If you have some complicated format, your best option is to just code a
tube to deal with it. For example, the following code would turn a
paragraph with HTTP headers into a hash of arrays:
sub parse_HTTP_headers {
my $headers = shift;
$headers =~ s{\n\s+}{ }gmxs; # remove multi-lines
my %retval;
for my $line (split /\n/mxs, $headers) {
my ($name, $value) = split /\s*:\s*/, $line, 2;
s{\A\s+|\s+\z}mxs for $name, $value; # lead/trail spaces
if (! exists $retval{$name}) {
$retval{$name} = $value;
}
else {
$retval{$name} = [$retval{$name}] # turn into array ref
unless ref $retval{$name}; # if necessary
push @{$retval{$name}}, $value;
}
}
return \%retval;
}
Now, suppose your input changes to a sequence of header groups, divided
into paragraphs, where you look for header C<X-Name>:
$ cat mydata-03.txt
X-Name: Foo
Host: example.com
X-Name: Bar
Barious
Date: 1970-01-01
Adapting to this input is quite easy now:
use Data::Tubes qw< pipeline >;
pipeline(
['Source::iterate_files', open_file_args => {binmode => ':raw'}],
'Reader::by_paragraph', # change how we read!
sub { parse_HTTP_Headers($_[0]->{raw}) } # wrap parse_HTTP_headers
sub { return "Hey, $_[0]->{'X-Name'}!\n" }, # use new field
sub { print $_[0]; return }, # prints it, returns nothing
{ tap => 'sink' }, # makes sure the input is drained
)->([qw< mydata-03.txt >]);
From now on, anyway, we will stick to the convention described in
I<What Is A Record, Toolkit Style> about what's available at the
different stages, which allows us have stable inputs for tubes without
having to worry too much about what we have before (within certain
limits). Hence, here's how our example transforms:
use Data::Tubes qw< pipeline >;
pipeline(
# Source management
['Source::iterate_files', open_file_args => {binmode => ':raw'}],
# Reading, gets `source`, puts `raw`
'Reader::by_paragraph',
# Parsing, gets `raw`, puts `structured`
sub {
my $record = shift;
$record->{structured} = parse_HTTP_Headers($record->{raw});
return $record;
}
# Rendering, gets `structured`, puts `rendered`
sub {
my $record = shift;
$record->{rendered} =
"Hey, $record->{structured}{'X-Name'}!\n";
return $record;
},
# Printing, gets `rendered`, returns input unchanged
sub { print $_[0]{rendered}; return $_[0]; },
# Options, just flush the output to the sink
{ tap => 'sink' },
)->([qw< mydata-03.txt >]);
As anticipated, L<Data::Tubes::Plugin::Parser> contains some pre-canned
factories for generating common parsers, mostly geared to line-oriented
inputs (which can be quite common, anyway).
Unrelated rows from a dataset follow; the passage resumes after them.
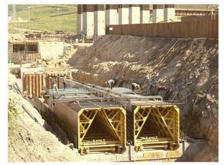
Robust Construction of DCPP twin cooling water tunnels noted by Bechtel during Nov. 18, 2014 meeting

Note the massive foundations, thick rebar, and massive concrete walls, with the humans in the picture for scale. Many critical safety systems are either embedded in the walls or placed close by. Thus, demolition to add cooling towers will be much more lengthy and expensive.
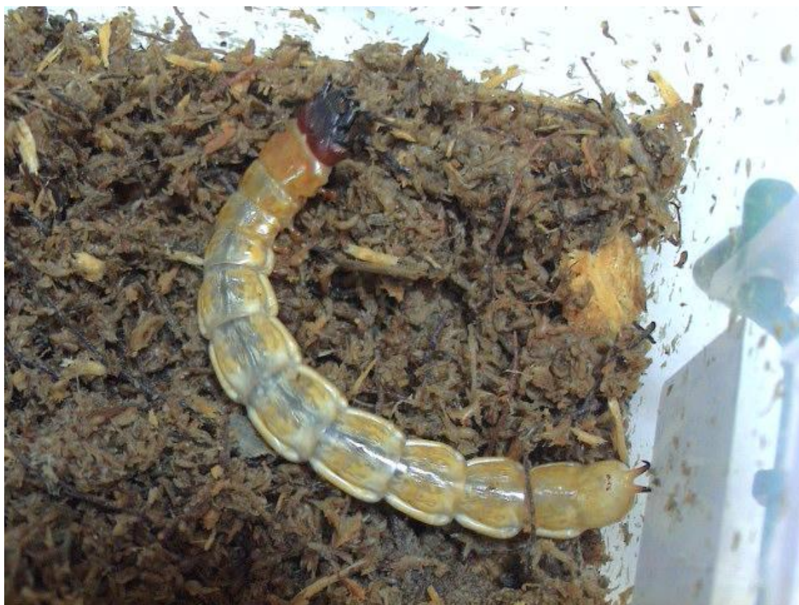
Figure 6. Trictenotoma larva collected by a local observer.
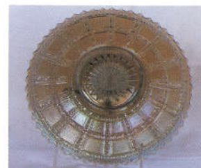
50. PLAIN/FROSTED BLOCK
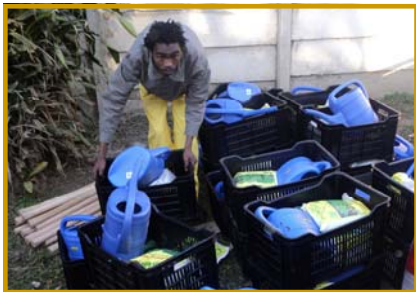
Above: Gardening equipment was donated to assist with the gardening project
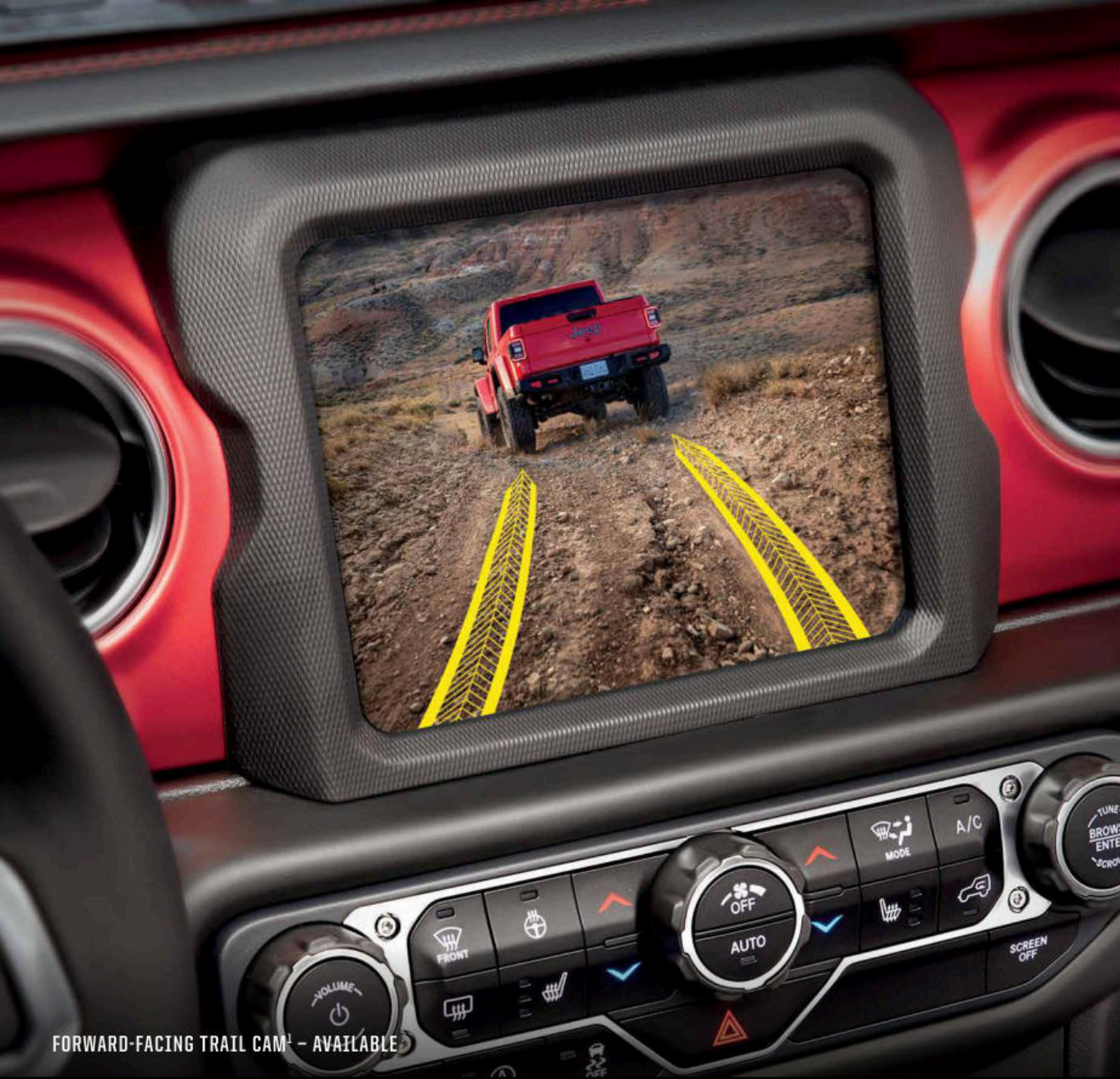
FORWARD-FACING TRAIL CAM 1 - AVAILABLE
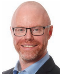
Minister Stephen Donnelly

"And all restrictions on outdoor group activities have been removed.
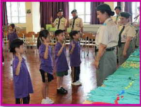
Grasshopper Scout 小童軍
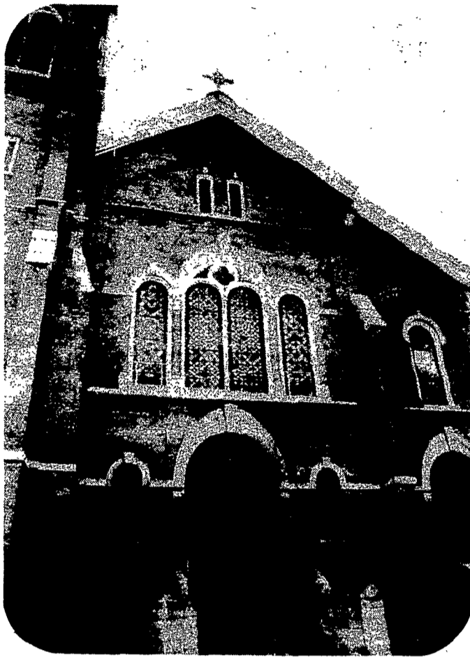
St. Bridget's door is open to many community groups.
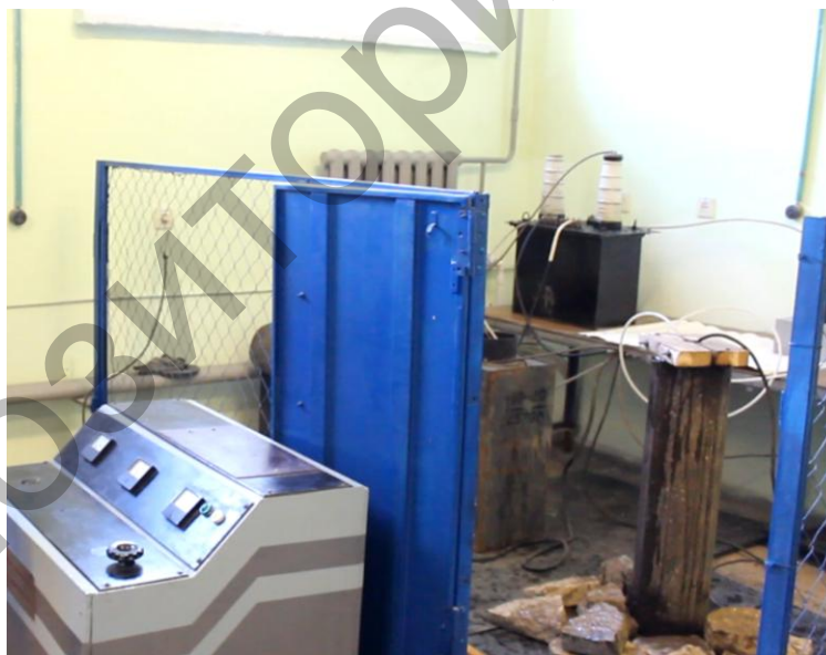
Figure1. Photograph of the general form of an electro-hydraulic plant for well drilling

To form a pulse with a short front of the voltage applied to the discharge gap in a liquid we used a discharge gap in the air that is an air discharger; and to generate a pulse of certain energy we used energy storage electrical capacitor. We have developed and tested an electro-hydraulic plant and a working cell for drilling (Fig. 1).
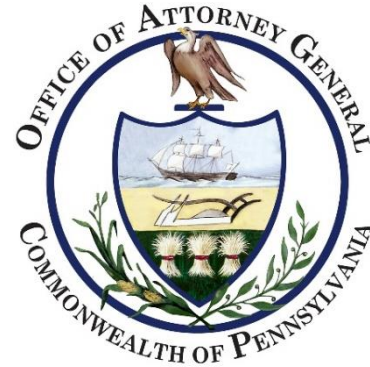
COMMONWEALTH OF PENNSYLVANIA JOSH SHAPIRO ATTORNEY GENERAL

So, if your input is as
simple as a sequence of fields separated by a character, without
anything fancy like quoting or escaping, you can simply rely on a
I<format>. For example, suppose you have the following data, with a name
(that we will assume does not contain a semicolon inside), the nickname
(ditto) and the age:
$ cat mydata-04.txt
Foo;foorious;32
Bar;barious;19
Baz;bazzecolas;44
You might describe each line as being C<name;nick;age>, and this is
exactly what's needed to use C<by_format>:
use Data::Tubes qw< pipeline >;
pipeline(
# Source management
['Source::iterate_files', open_file_args => {binmode => ':raw'}],
# Reading, gets `source`, puts `raw`
'Reader::by_line',
# Parsing, gets `raw`, puts `structured`
['Parser::by_format', format => 'name;nick;age'],
# Rendering, gets `structured`, puts `rendered`
sub {
my $record = shift;
my $v = $record->{structured};
$record->{rendered} =
"Hey, $v->{name} (alias $v->{nick}), it's $v->{age}!\n";
return $record;
},
# Printing, gets `rendered`, returns input unchanged
sub { print $_[0]{rendered}; return $_[0]; },
# Options, just flush the output to the sink
{ tap => 'sink' },
)->([qw< mydata-04.txt >]);
Actually, any sequence of non-word characters (Perl-wise) is considered
a separator in the format, and any sequence of word characters is
considered the name of a field.
Another useful pre-canned parser in the toolkit is C<hashy>, that allows
you to handle something more complicated like sequences of key-value
pairs. The assumption here is that there are two separators: one for
separating key-value pairs, one for separating the key from the value.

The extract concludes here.